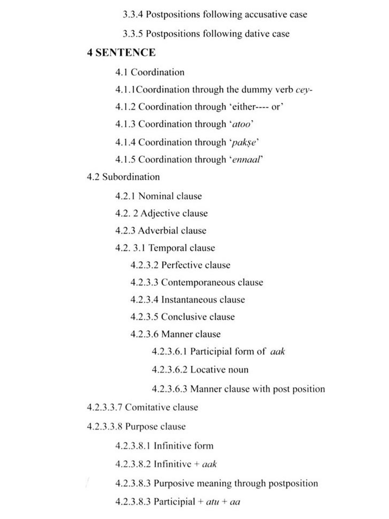 The author places on record his gratitude to the Council of Direction of the International School of Dravidian Linguistics, Thiruvananthapuram for taking up this work for publication. The author is also thankful to Prof. G.K Panikkar, Hon. Director of ISDL for reviewing the manuscript and offering his comments and suggestions.
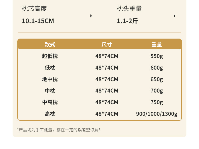 48*74 ультранизкая подушка 550г.; 48*74 подушка низкая 600г.; 48*74 подушка низкая и средняя 650г.; 48*74 подушка средняя 700г.; 48*74 средний высокий 750г; Подушка высокая 48*74 850г.; 48*74 общий вес 900 грамм; 48*74 общий вес 1000 грамм; 48*74 общий вес 1300 грамм; Подушка высокая 38*68 500г.
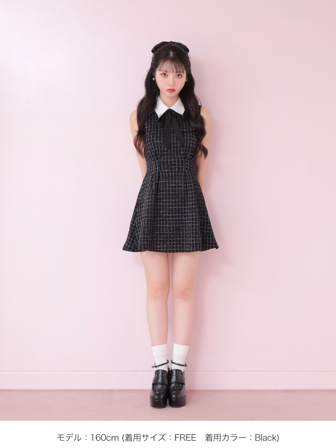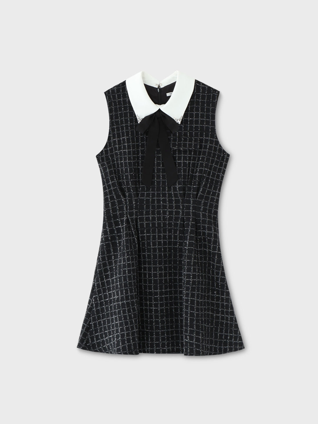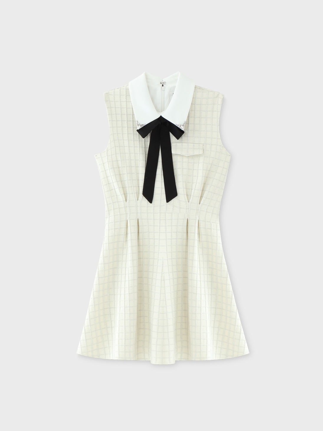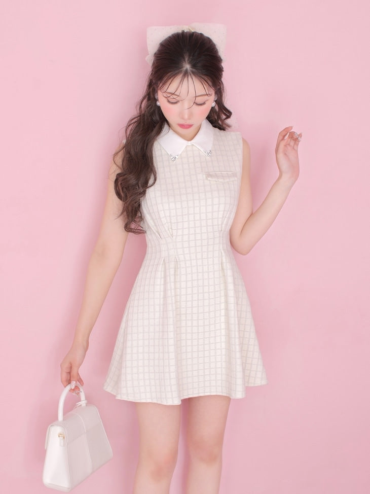 ラメ糸を織り込んだサマーニット生地でお作りした、上品な格子柄ミニワンピース。
=-=-=-=-=
▸ **WHAT YOU WILL DO**
Beginning with the line containing "48*74 ультранизкая подушка" and ending with the last line of the material, output each line exactly; do not include pictures.

▸ **TASK ANSWER**
 48*74 ультранизкая подушка 550г.; 48*74 подушка низкая 600г.; 48*74 подушка низкая и средняя 650г.; 48*74 подушка средняя 700г.; 48*74 средний высокий 750г; Подушка высокая 48*74 850г.; 48*74 общий вес 900 грамм; 48*74 общий вес 1000 грамм; 48*74 общий вес 1300 грамм; Подушка высокая 38*68 500г.
 ラメ糸を織り込んだサマーニット生地でお作りした、上品な格子柄ミニワンピース。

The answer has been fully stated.